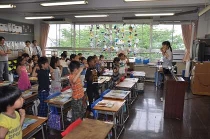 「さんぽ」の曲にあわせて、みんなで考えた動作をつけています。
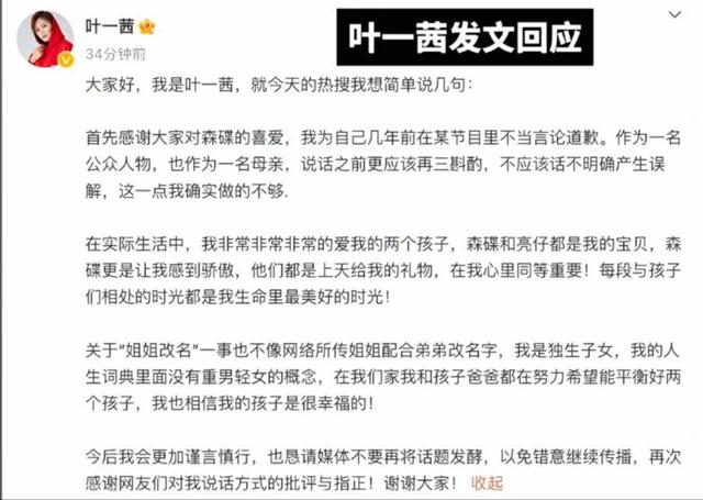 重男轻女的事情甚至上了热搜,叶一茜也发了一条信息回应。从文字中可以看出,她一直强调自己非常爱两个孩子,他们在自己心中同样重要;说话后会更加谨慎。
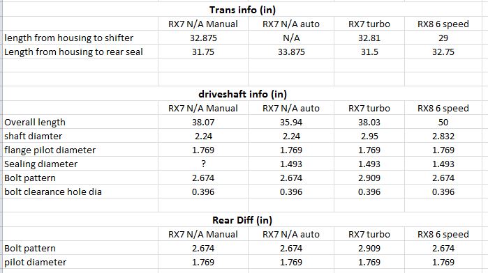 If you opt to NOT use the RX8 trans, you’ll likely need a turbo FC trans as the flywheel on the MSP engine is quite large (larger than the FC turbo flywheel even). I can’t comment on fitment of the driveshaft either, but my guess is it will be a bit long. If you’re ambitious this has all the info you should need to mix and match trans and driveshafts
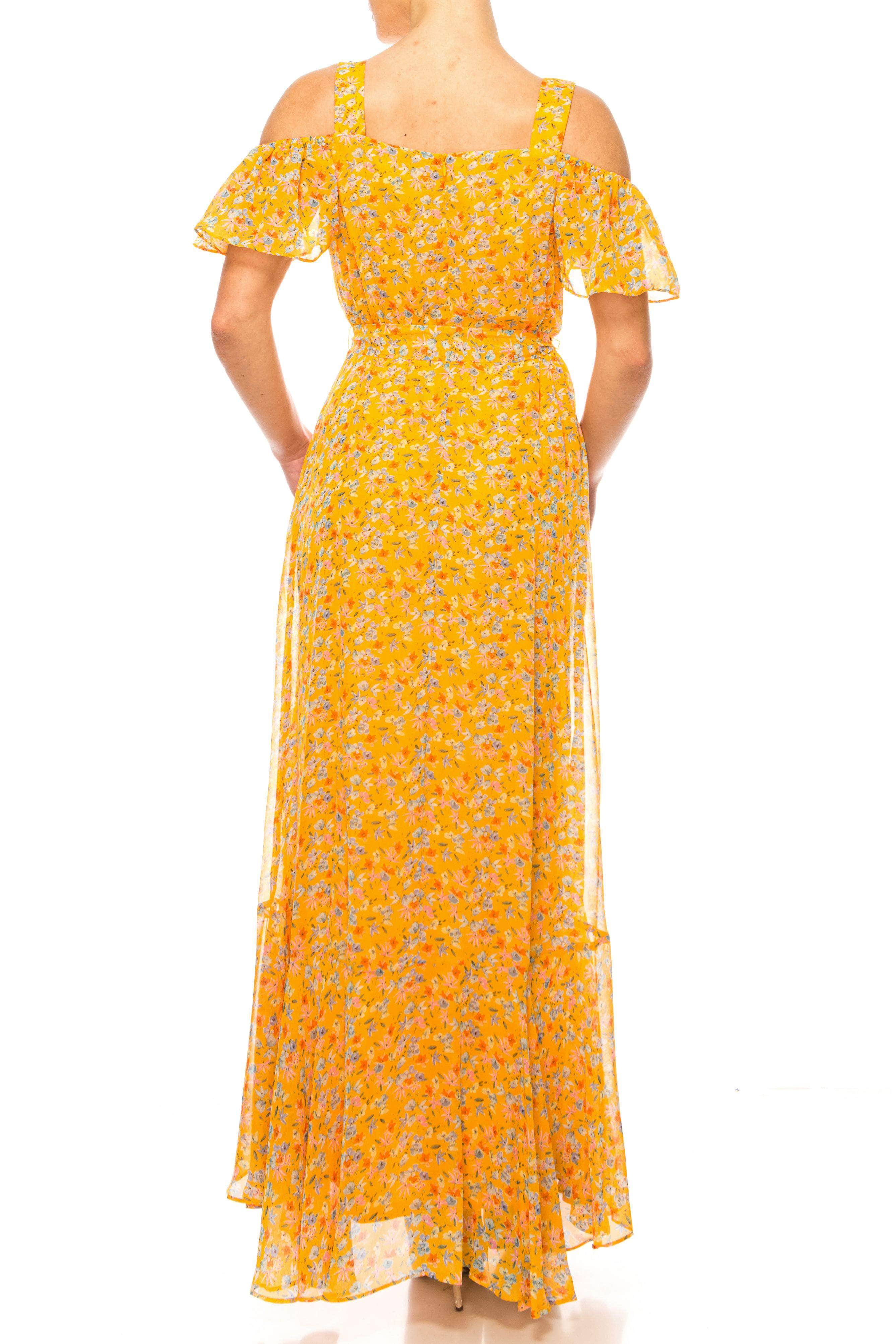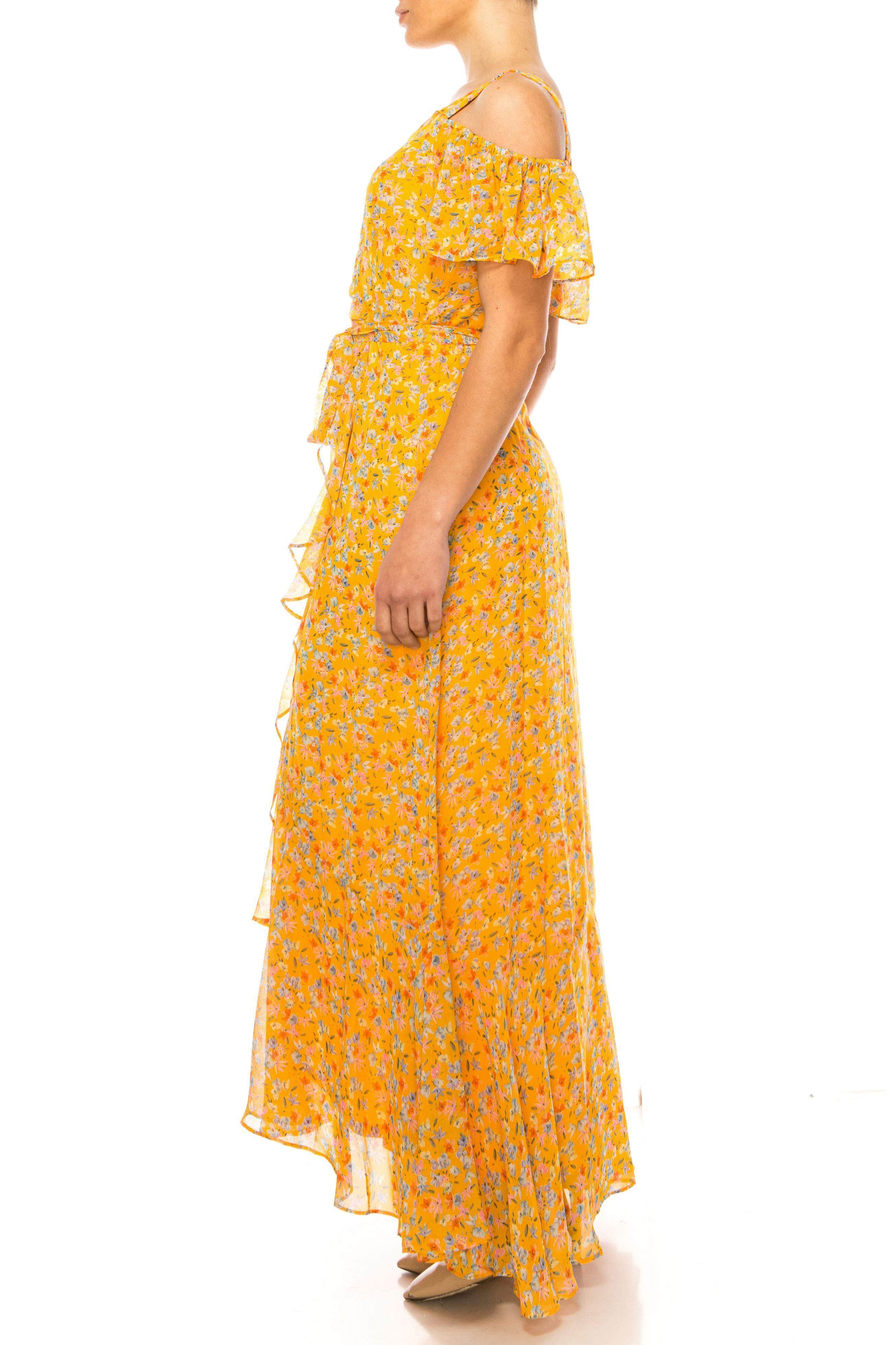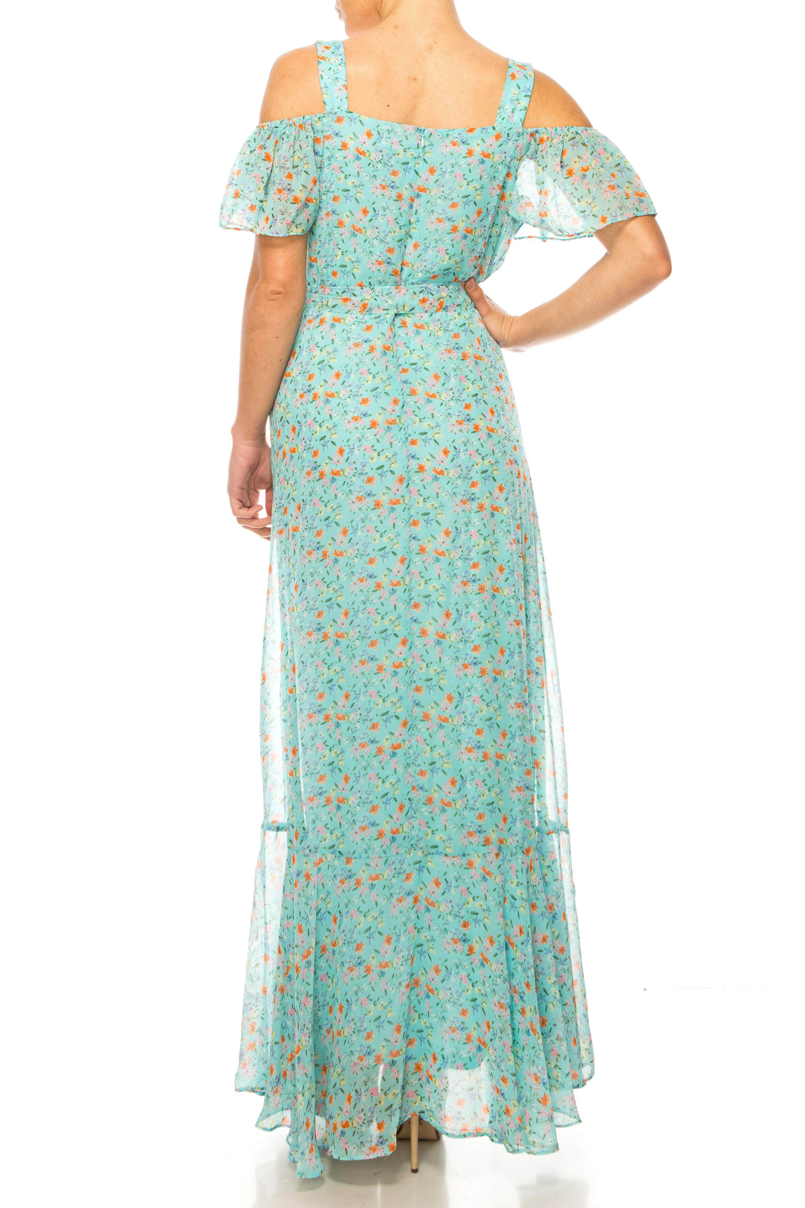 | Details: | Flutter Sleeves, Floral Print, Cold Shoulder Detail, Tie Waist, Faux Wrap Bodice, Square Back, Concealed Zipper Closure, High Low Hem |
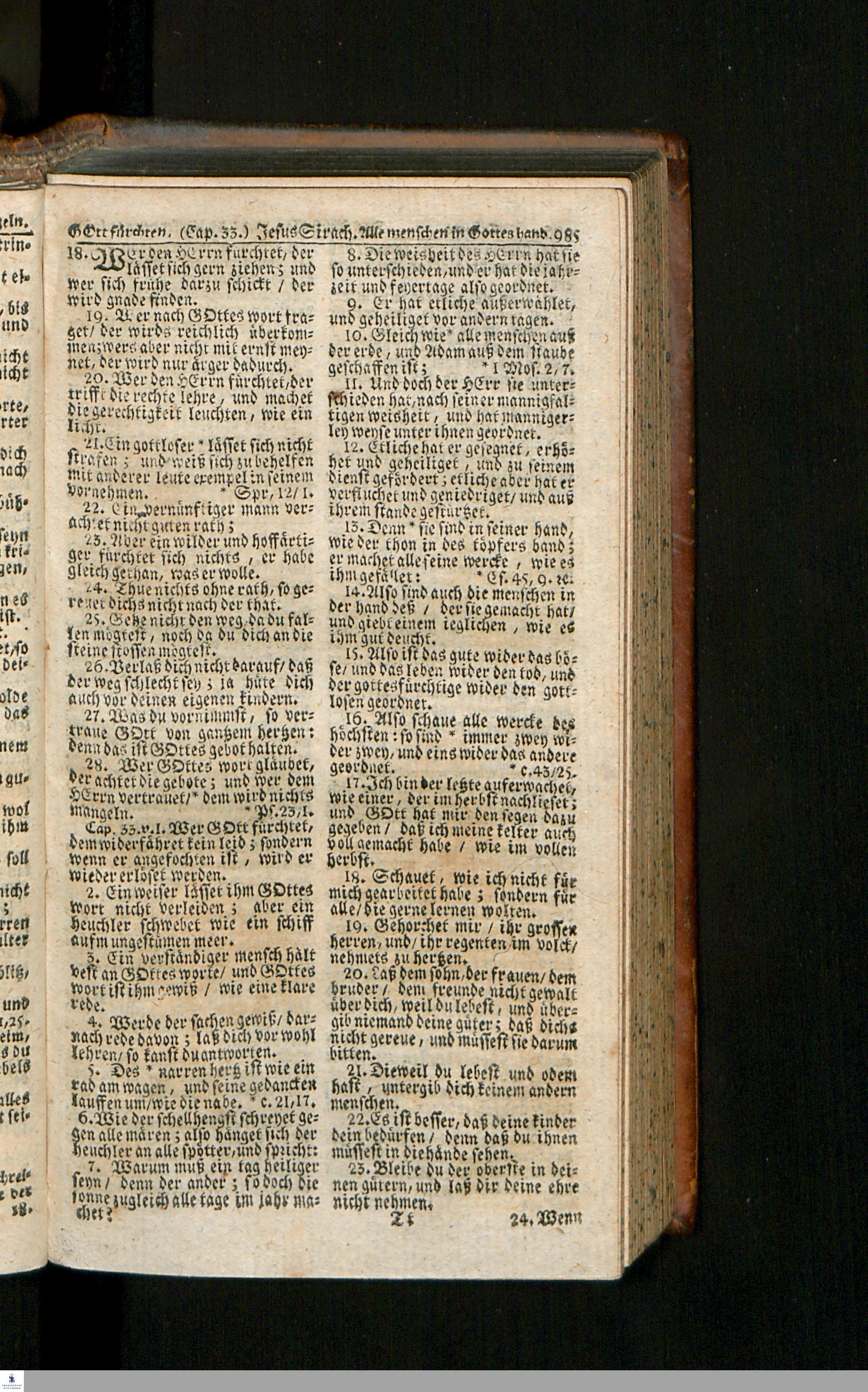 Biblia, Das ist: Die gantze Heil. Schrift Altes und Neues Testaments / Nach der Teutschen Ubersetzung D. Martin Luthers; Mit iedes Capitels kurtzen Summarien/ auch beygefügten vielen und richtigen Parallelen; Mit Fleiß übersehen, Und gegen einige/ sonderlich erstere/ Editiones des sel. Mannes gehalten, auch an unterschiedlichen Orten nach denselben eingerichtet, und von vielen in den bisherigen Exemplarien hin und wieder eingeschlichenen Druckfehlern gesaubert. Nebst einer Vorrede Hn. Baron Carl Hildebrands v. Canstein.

++++++++++++++++++++

§ **Activity**: Produce the data again character for character, with the images left out.

§ **Exercise result**:
 「さんぽ」の曲にあわせて、みんなで考えた動作をつけています。
 重男轻女的事情甚至上了热搜,叶一茜也发了一条信息回应。从文字中可以看出,她一直强调自己非常爱两个孩子,他们在自己心中同样重要;说话后会更加谨慎。
 If you opt to NOT use the RX8 trans, you’ll likely need a turbo FC trans as the flywheel on the MSP engine is quite large (larger than the FC turbo flywheel even). I can’t comment on fitment of the driveshaft either, but my guess is it will be a bit long. If you’re ambitious this has all the info you should need to mix and match trans and driveshafts
 | Details: | Flutter Sleeves, Floral Print, Cold Shoulder Detail, Tie Waist, Faux Wrap Bodice, Square Back, Concealed Zipper Closure, High Low Hem |
 Biblia, Das ist: Die gantze Heil. Schrift Altes und Neues Testaments / Nach der Teutschen Ubersetzung D. Martin Luthers; Mit iedes Capitels kurtzen Summarien/ auch beygefügten vielen und richtigen Parallelen; Mit Fleiß übersehen, Und gegen einige/ sonderlich erstere/ Editiones des sel. Mannes gehalten, auch an unterschiedlichen Orten nach denselben eingerichtet, und von vielen in den bisherigen Exemplarien hin und wieder eingeschlichenen Druckfehlern gesaubert. Nebst einer Vorrede Hn. Baron Carl Hildebrands v. Canstein.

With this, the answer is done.